I once thought that I would love to find the folks that used to tie their dogs to my fence at night, or dump the puppies on my steps but they probably wouldn't care, Owners like the OP are exactly why no puppy or dog left my house without housetraining, leash work, crate training and basic manners. If that means they stay longer then so be it. It's the reason I will always volunteer my time to help anyone get the basics down and the reason that I hand out step by step potty and crate training advice. Lack of basic training puts too many dogs into shelters, or worse. I know it seems like common sense but some folks just cannot wrap their heads around it.


----------



## Cassidy's Mom (Mar 30, 2003)

friesbruh said:


> Some people luck out & get PERFECT dogs...

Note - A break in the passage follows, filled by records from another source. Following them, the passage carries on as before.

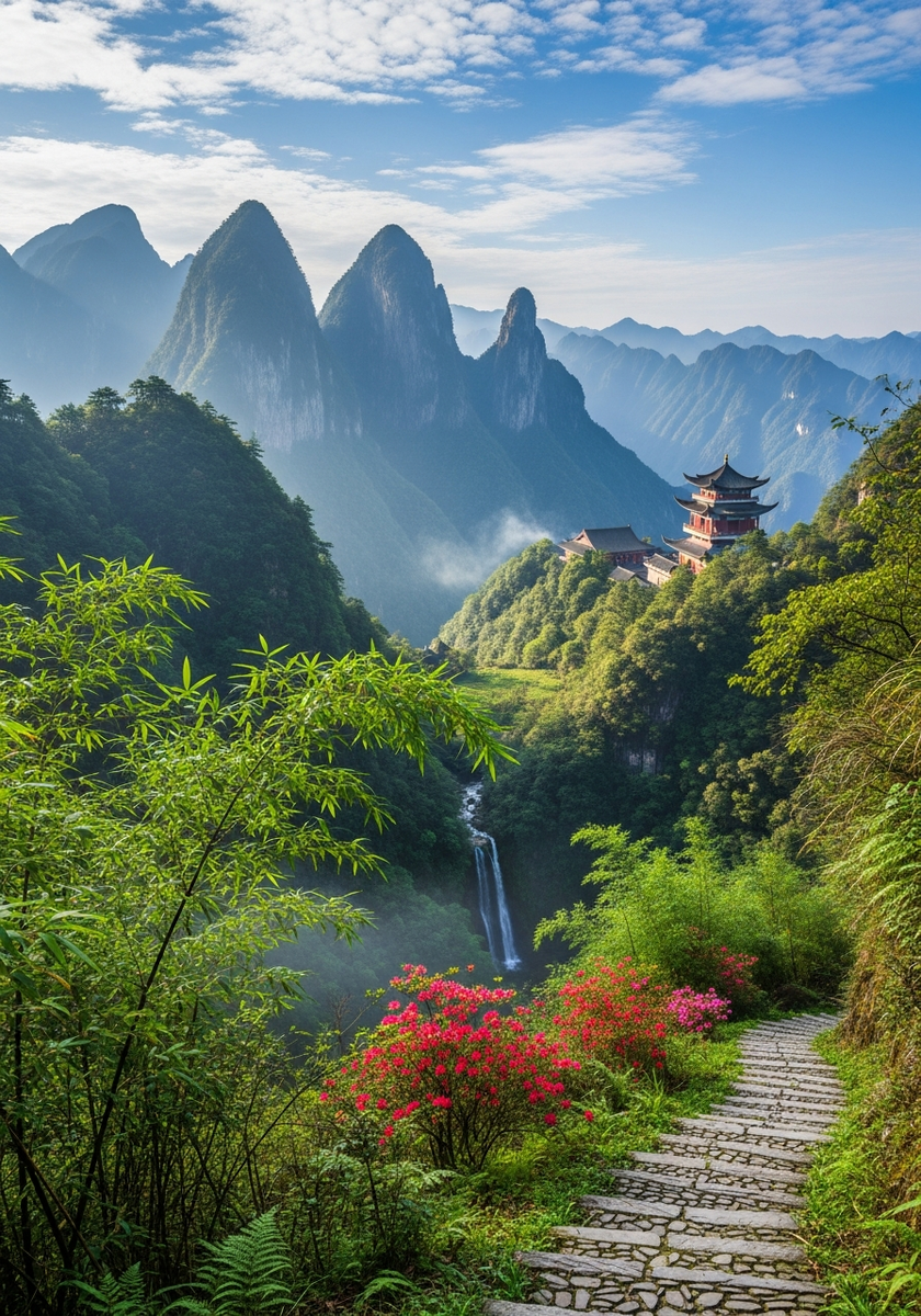 Эмэйшань — одна из четырех священных буддийских гор Китая, воплощение духовности и природной красоты. Вершина уходит в облака на высоту более 3000 метров, открывая паломникам и путешественникам незабываемые виды.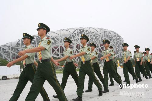 第29屆夏季奧運會開幕式彩排在北京國家體育場“鳥巢”內(nèi)封閉進行,武警、特警現(xiàn)場戒備,保安嚴(yán)密。 中新社發(fā) 武仲林 攝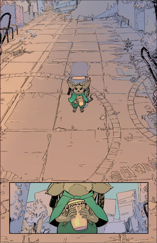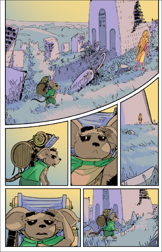 A mousy pilgrim trudges through an overgrown square. Tiny attendants skitter underfoot, ferrying hunks of oldstone and what whatever other scrap their little tools could salvage. Vines crawl up the structures around her, an entire ecosystem built on what was left behind by those that came before, if you believe the ringwalkers.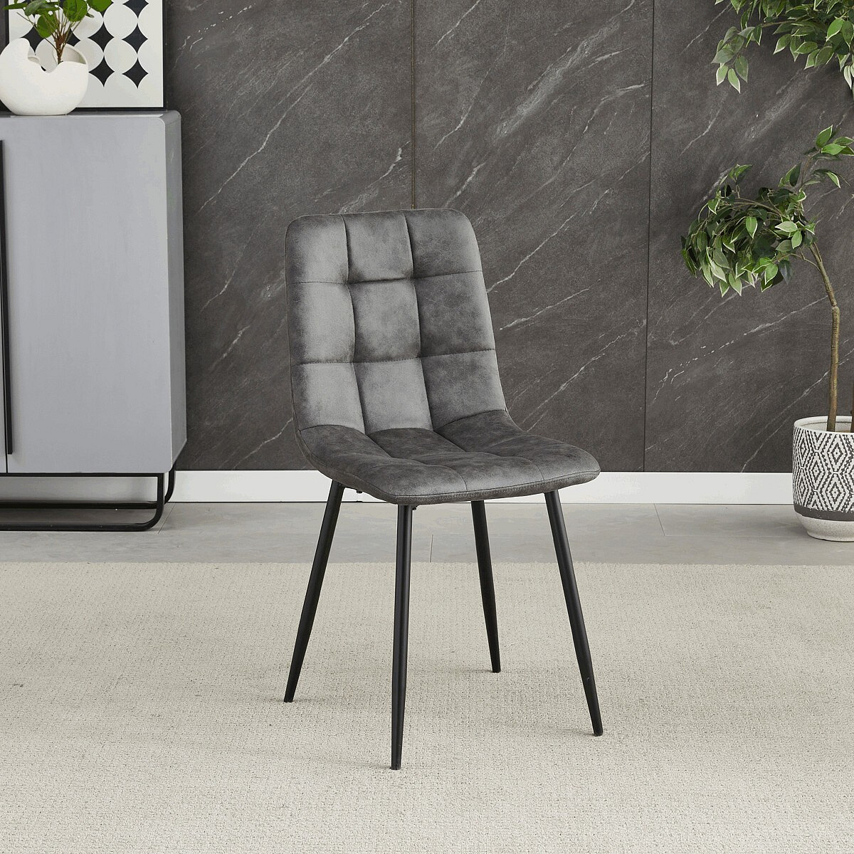 Jídelní židle značky Autronic v moderním industriálním stylu je skvělou volbou pro každou jídelnu. Potah z látky vintage v šedém odstínu dodává nábytku osobitý charakter, zatímco elegantní čtvercové prošívání podtrhuje její vzhled. Černé kovové nohy poskytují stabilitu a ladí s minimalistickým designem. Komfort při sezení zajišťuje měkké polstrování z PU pěny, díky kterému je židle ideální jak pro každodenní používání, tak pro slavnostní chvíle.

They don't, though. Most of us who've had this breed for years and loved this breed for years have put TONS of work into guiding and molding them into the dogs we eventually end up with. And I think that's a large part of your problem - you expected to end up with a great dog without having to put any time and effort in. Anyone could have told you that's just not going to happen. I don't recall reading your earlier thread (thanks Heartandsoul for reposting), but I'm guessing that many people DID tell you what you needed to do. 

At this point I don't blame you for wanting to give him up. I'm actually surprised it took this long. At 6 months old he sounded pretty normal for an untrained, under stimulated, unsupervised 6 month old GSD pup left to his own devices way too much, with no rules or boundaries. Totally predictable. An additional year of that, well, the outcome is exactly what I'd expect. I think the best thing for him _and_ you would be to find a good rescue to surrender him to. It sounds like what you'll feel most is relief.


----------



## cloudpump (Oct 20, 2015)




----------



## Femfa (May 29, 2016)

I think if you pursue dog ownership again in the future, it would be in your best interest to choose a low energy, couch potato of a dog. I don’t think a driven breed like a German Shepherd suits your ownership style, and there’s nothing wrong with that as long as you accept it for what it is. 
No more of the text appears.